Compare & Contrast: The Cowboys / Microsoft

Scott Hanselman came to Dallas late last (2013) August and revealed a site for the people to have a voice in the selection of the Next Microsoft CEO. This was on the heels of Steve Ballmer announcing he would be resigning and it also happened to be the start of football season.  Here in Texas, Football is a pretty big deal and unfortunately the Cowboys have been pretty mediocre.  Since the selection of Microsoft’s next Commander in Chief is such a big deal, I jokingly informed a colleague that the Cowboys would make it to the playoffs before Microsoft selects their final candidate.  Short-sighted, I thought the Cowboys had a great chance given the Giants were stinking it up, RGIII wasn’t 75%, and the Eagles were going through a coaching transition – and eventually a QB transition. Well I was wrong!  Microsoft hasn’t selected a CEO yet, and although I was confident that they would hire someone within 6 months; I was even more sure that the Cowboys would have also secured a playoff berth.

So I’ll provide some analysis to why both Power Players are struggling with achieving their goals, and why although Microsoft will find a CEO before the Cowboys make it to the playoffs -they’ll have bigger problems on their hand over the next 6 – 18 months.

The Developmer Community has no clear path. I remember a couple of years ago when Microsoft introduced Silverlight, and some of my colleagues immediately became fans. But unfortunately Microsoft pulled the rug from underneath it.  Now we have a bigger issue, what should developers do for Windows 8, RT, Tablets, and Windows Phones?

Steve Ballmer had his infamous Developer Chant, but I personally believe they really have to focus on the direction they want developers to go in.  Ruby On Rails, the emergence of the new MEAN stack is bringing a lot of feature rich competition out there. ASP.Net MVC has established itself, only after other stacks achieved MVC years early.  So where does Microsoft garner more fans for its technologies.  I think open-source, allow the developer community to build tools that help them get work done, make it easier for organizations to buy-into Microsoft technologies .
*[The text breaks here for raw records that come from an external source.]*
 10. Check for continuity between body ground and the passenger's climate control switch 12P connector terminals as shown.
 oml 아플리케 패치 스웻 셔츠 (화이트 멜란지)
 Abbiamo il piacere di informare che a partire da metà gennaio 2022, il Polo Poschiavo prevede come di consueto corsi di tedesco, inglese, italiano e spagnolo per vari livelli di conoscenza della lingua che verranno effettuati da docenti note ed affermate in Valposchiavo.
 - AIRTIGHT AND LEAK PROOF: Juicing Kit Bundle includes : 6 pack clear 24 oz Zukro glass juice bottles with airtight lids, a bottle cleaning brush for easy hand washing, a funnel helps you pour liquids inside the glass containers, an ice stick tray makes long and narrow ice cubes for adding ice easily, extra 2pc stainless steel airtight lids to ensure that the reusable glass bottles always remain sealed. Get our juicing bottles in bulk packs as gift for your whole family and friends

I remeber when I got the Windows Mobile HTC Tilt phone. It was packed with features and was competitive with the iPhone even thought it came to market 2-3 years prior to the first iPhone. But what happened? They failed to innovate something attractive to the masses and give a platform where developers could be creative.  I mean, I am Windows developer and I haven’t developed anything for the Windows Phone.  Will the Windows Tablet be able to gain market share?  I believe it has tons of features, but lacks on applications. I think Microsoft can leverage their business model by focusing on servicing and cloud computing.  If they’re able to make their devices communicate with each other, allow their products to be accessible from the cloud, they can begin to compete again.  Including a lite version of Microsoft Office for free withe a tablet or mobile device may be a great bonus.
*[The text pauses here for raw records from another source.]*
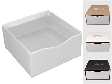 Æsken er overtrukket med hvidt blankt papir og leveres med et hvidt velouriseret skumindlæg, velegnet til armbånd.
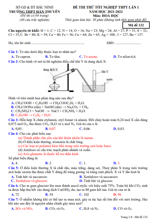 Trích dẫn đề kiểm tra lần 1 Hóa học 12 năm 2019 – 2020 trường Hàn Thuyên – Bắc Ninh:
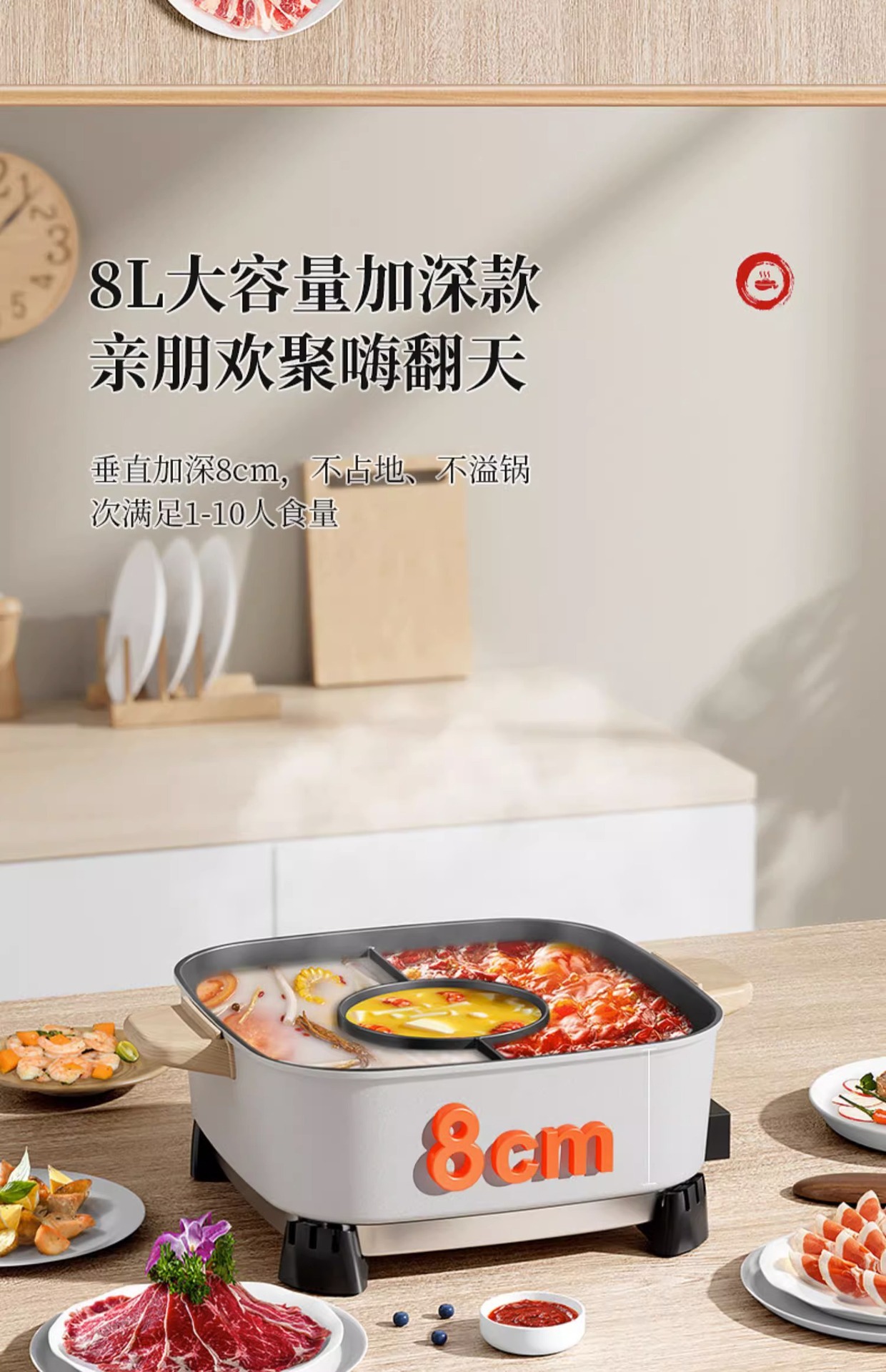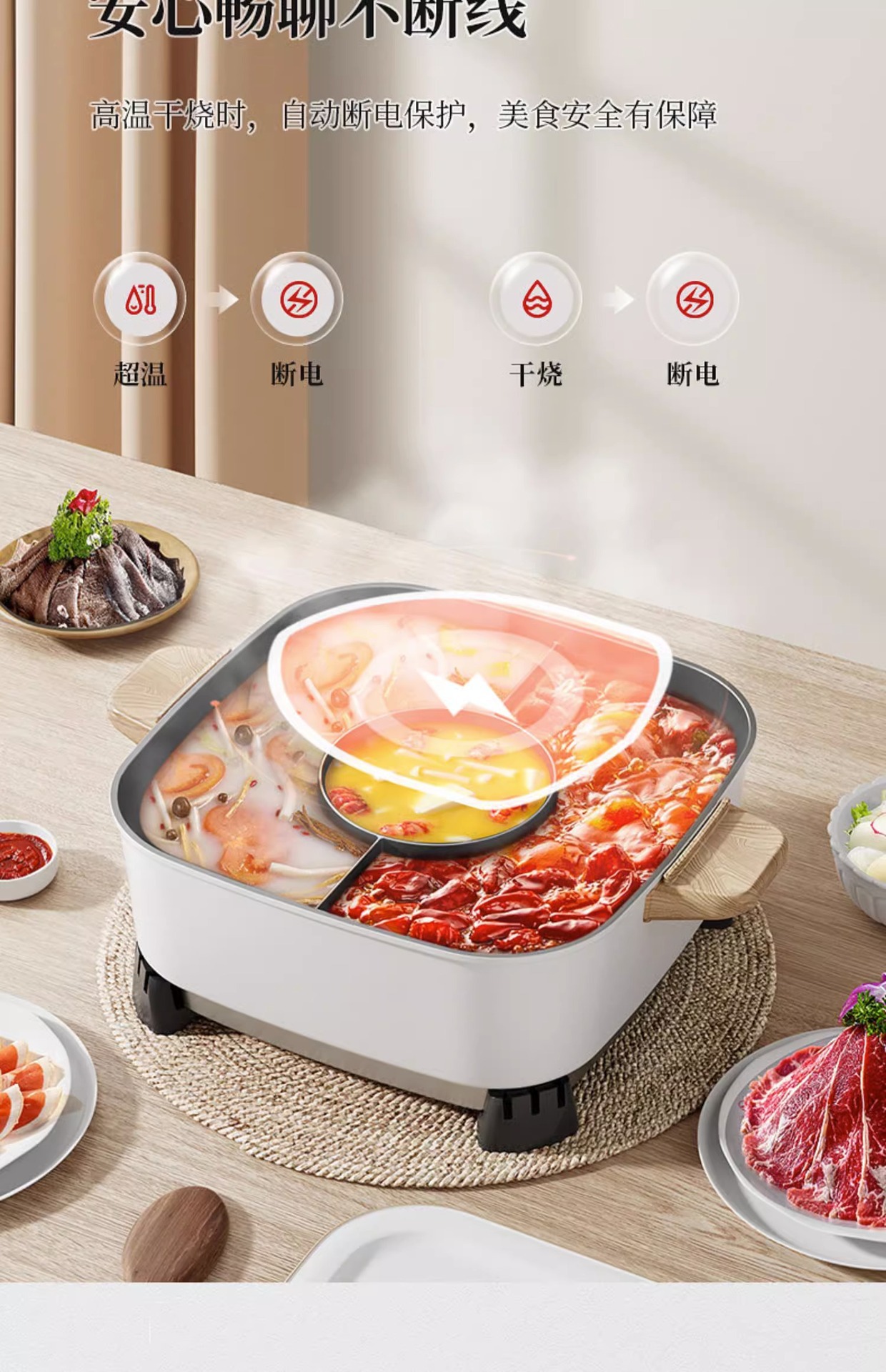 • 뚜껑 부착의 화이트 만다린 오리 전기 냄비 [1 년 보증]]

Windows 8 has to win. Windows 7 has been good, but Windows 8 has the potential to be a Windows Vista.  The navigation is not simple, I had to go out and download a plugin for the start button for clients who refuse to use RT, but then once I upgrade them to 8.1 the start button isn’t the classic start.  The issue of RT apps versus Desktop apps is an issue.  Of course we hope a single application, can be easily configured to be deployed to all devices – but doubtful.  Better yet, how is the store going to work?  Business to Business Applications are totally different than Business to Consumer Applications.  For example, does a business pay to deploy an intranet application onto Windows 8 OS?  There’s several instances like this that have not been clearly mapped out, which needs some strong clarification.

Similarly, the Cowboys will have to answer major questions for their future. Who’s going to be the QB? who’s going to be the backup QB? is Tony Romo the future? Does Jason Garret have what it takes to get more than 8 wins (a play-off win?)? Does the defense have an identity? Who’s going to be the face of the unproven defense as D-Ware ages (and is currently facing contract issues).

Brands are great, which both have. But both are struggling to regain the prominence in the consumer world they once had.